If your goal is more "Clojurey" syntax then just spend a day or two wrapping the functions you want over a tried and tested numerics implementation. Additionally, there is likely a pre-existing Java wrapper which does just that for whatever you need considering that Java is still beloved by university professors, a key demographic for fast math libraries.
On the other hand, I think Vertigo ( github: https://github.com/ztellman/vertigo ) is taking a very interesting approach to the Clojure->Native problem, which I believe might be of use to any library wanting to bring performant numerics to Clojure. Unfortunately, ztellman has deprecated his OpenGL and OpenCL libraries, but I think that Vertigo in combination with OpenCL and the kernels courtesy of clMAGMA would be fantastic.
> If your goal is more "Clojurey" syntax then just spend a
> day or two wrapping the functions you want over a tried
> and tested numerics implementation.
This is exactly what we're trying to do: provide some Clojure macros that give nicer syntax for interacting with Java arrays with high performance. We're explicitly not introducing a new vector type.

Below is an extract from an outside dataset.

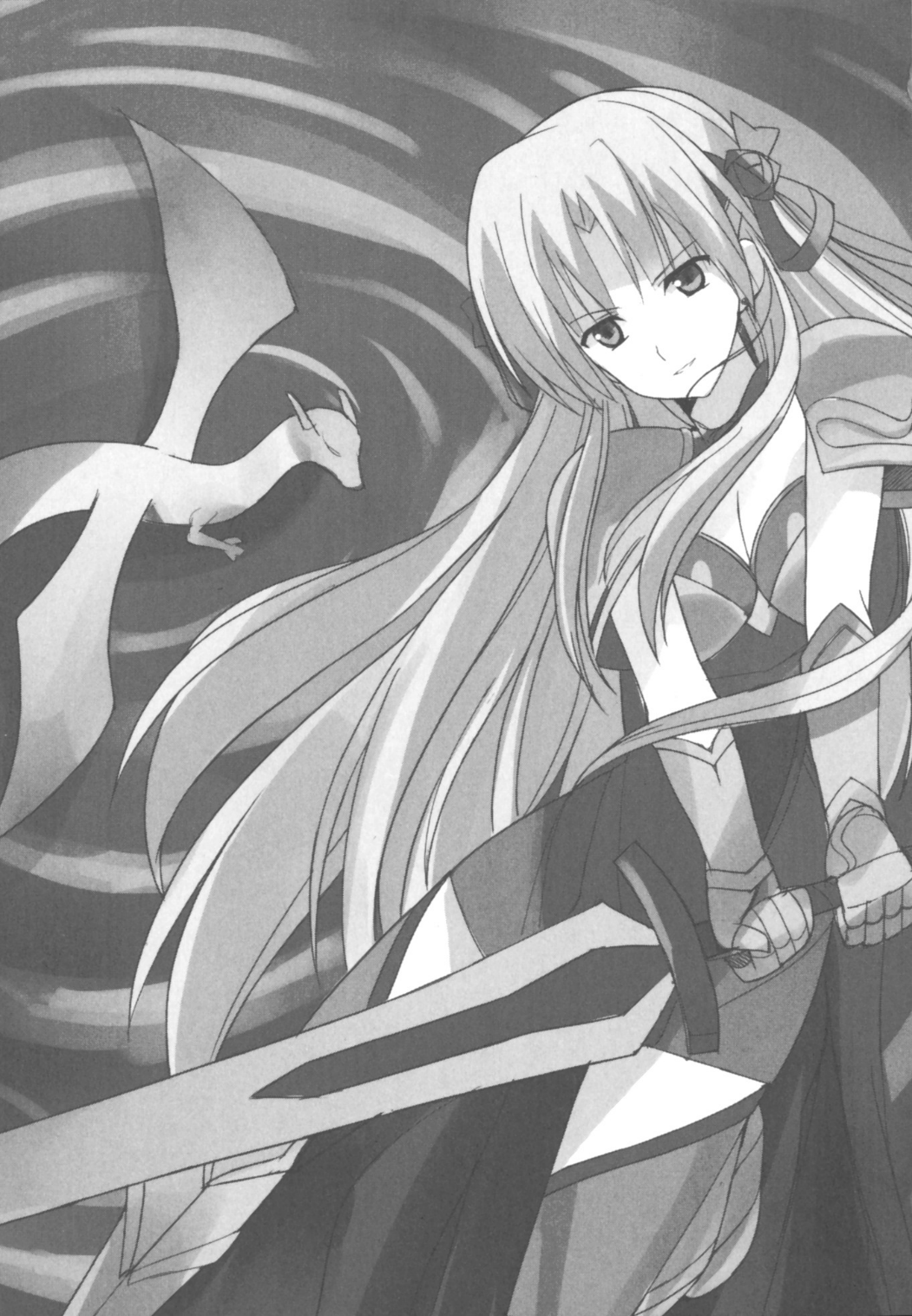 Naga air putih yang telah menyiksa Erica menyadari serangan ini dan menyihir sihir pertahanan. Pola cahaya putih muncul di depan naga air, menghalangi panah biru. Ama no Murakumo no Tsurugi juga dibelokkan dengan sapuan ekor naga.

Most of the work here wasn't in the wrapping -- hiphip itself consists of very little code -- but in figuring out what's fast and what's not, documenting this, and making it easy to do things the fast way.
You've just pretty much described the motivation for core.matrix: it's an API that wraps various other back end vector/matrix libraries (including JBlas etc.) with a nice, standard Clojure API.
All arithmetic operations on these boxed objects are
significantly slower than on their primitive counterparts.
This implementation also creates an unnecessary intermediate sequence
(the result of the map), rather than just summing
the numbers directly.
Clojure's Reducers framework might address the described issues in a future when, in Rich's words, "those IFn.LLL, DDD etc primitive-taking function interfaces spring to life". For now, they only solve the intermediate-collections part of the problem.
We're also anxiously awaiting this -- it seems with gvecs and reducers and primitive fns the pieces are all there, we just need the glue to put them all together. Unfortunately, for now I think we're stuck with arrays, and we're trying to make the most of it :)
Another author here (Emil). It's been a pleasure and a great learning experience working with Prismatic (and Climate) on this. Hopefully it'll show that, given enough macros and coffee, all problems are shallow, or something to that effect.
I've been a big follower of your entire team, specifically on their talents in machine learning and NLP (e.g. http://nlp.stanford.edu/jrfinkel/papers/jrfinkel-thesis.pdf). The fact that you also use Clojure and give back so much is icing on the cake. Thank you!
Looks awesome! One data issue I've seen go relatively unaddressed in the Clojure community is the serialization of big matrices and arrays.
There's a start on a clojure hdf5 (hdf5 is a container format common in scientific circles) implementation, but it's a long ways from done. https://github.com/clojure-numerics/clj-hdf5 I'm not the author, but I am the negligent steward.
I'd love it if someone smarter / better at Clojure than me was interested in helping to think about useful, idiomatic high-level abstractions on top this high-performance data store.
PyTables does a great job of making gobs of hdf5 data easy to work with for analysts--I'm just too novice at Clojure/FP to know what is a reasonable analogue for Clojure.
Without knowing anything about hdf5 specifically, Vertigo [1] will let you treat a memory-mapped file (or a piece of one) as a normal Clojure data structure, as long as the element types are fixed-layout.
Cool library, can imagine how moving away from boxing / unboxing can be a huge boost for them.
I've been looking for something that gave SIMD intrinsics to Java programmers - does anyone know if such a thing exists? Could be a nice addition to this lib.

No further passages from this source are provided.